Maddy Mash, MD Class of 2025
Stress, anxiety, heavy feelings, whatever you want to call it, come with a potency that overwhelms our mind, influencing every decision and the way we perceive the world.
I have noticed I tend to look back on challenging stretches of life and think, that wasn’t so bad. Time gives us a lens with the blurring stress filter removed, giving a romanticized picture of the seemingly lackluster moments you overlooked. When this appreciation comes, all those moments are far gone, wasted on a overextended and burnt out mind probably because something wasn’t working out exactly the way we wanted it to at the time.

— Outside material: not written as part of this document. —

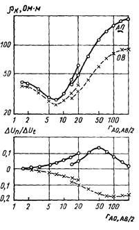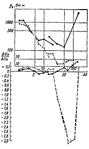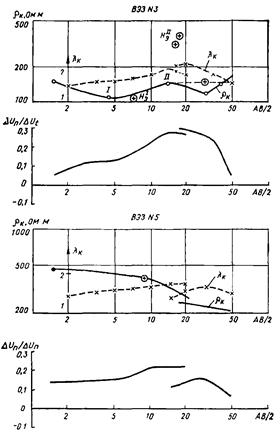 Тщательный анализ кривых ρK и ΔUn/ΔUt позволяет установить, что массив имеет семислойное строение типа AKQQQ. Восходящая ветвь кривой в интервале 5 < AВ/2 < 20 осложнена влиянием близко расположенной жилы льда и вздымается по отношению к оси абсцисс под углом более 45°. Подтверждением тому служит характерная аномалия на кривой ΔUn/ΔUt, указывающая на то, что жила или совокупность их простирается под острым углом к линии профиля. На больших разносах приемных линий искажающее влияние жил ослабевает и кривая ρK может быть проинтерпретирована как горизонтально-слоистая интерпретация ее по особым точкам дает следующие результаты:

I think maybe this is because romanticizing life can be a double edged sword. If given the freedom, it can insataiably feed expectations. Expectations that the future should respectively mirror the dreamy vision in your head, becoming strung out on every detail, inevitably leading to disappointment when the real moments do happen. Expectations precipitate apprehension, impatience, and restlessness. When one thing doesn’t work out, we look for the next best thing, the next hit of dopamine, the next illustrious, dream-fufilling moment – what we think will fill that apprehensive void dug out by our expectations.
We become bound to anticipating the next phase of life and blind to the intricacies of the current one. Waiting for time to provide us with rose colored glasses is effectively pressing fast forward through every phase; we don’t get a rewind button and surprise, surprise, the next phase brings headaches you never saw coming. When the unexpected makes its due entrance, the sparkly, perfect, but entirely unrealistic expectation has to be released.
Resist the urge to fast forward, rather zoom out and reframe. Slowing down, being present, watching the sunrise and sunset, noticing the moon, reminding yourself you are grounded on this earth and enjoying existence as it comes. Letting each laugh, smile, conversation carry the weight it deserves, allowing yourself to romanticize the here and now but not letting it run rampant into what tomorrow will bring.
The luster that catches our eye on something shiny and new is superficial – it always fades. Life happens in any way it wants to, regardless of your expectation of it, it is here where those seemingly lackluster, routine, ordinary moments become the brightest radiations in our memory.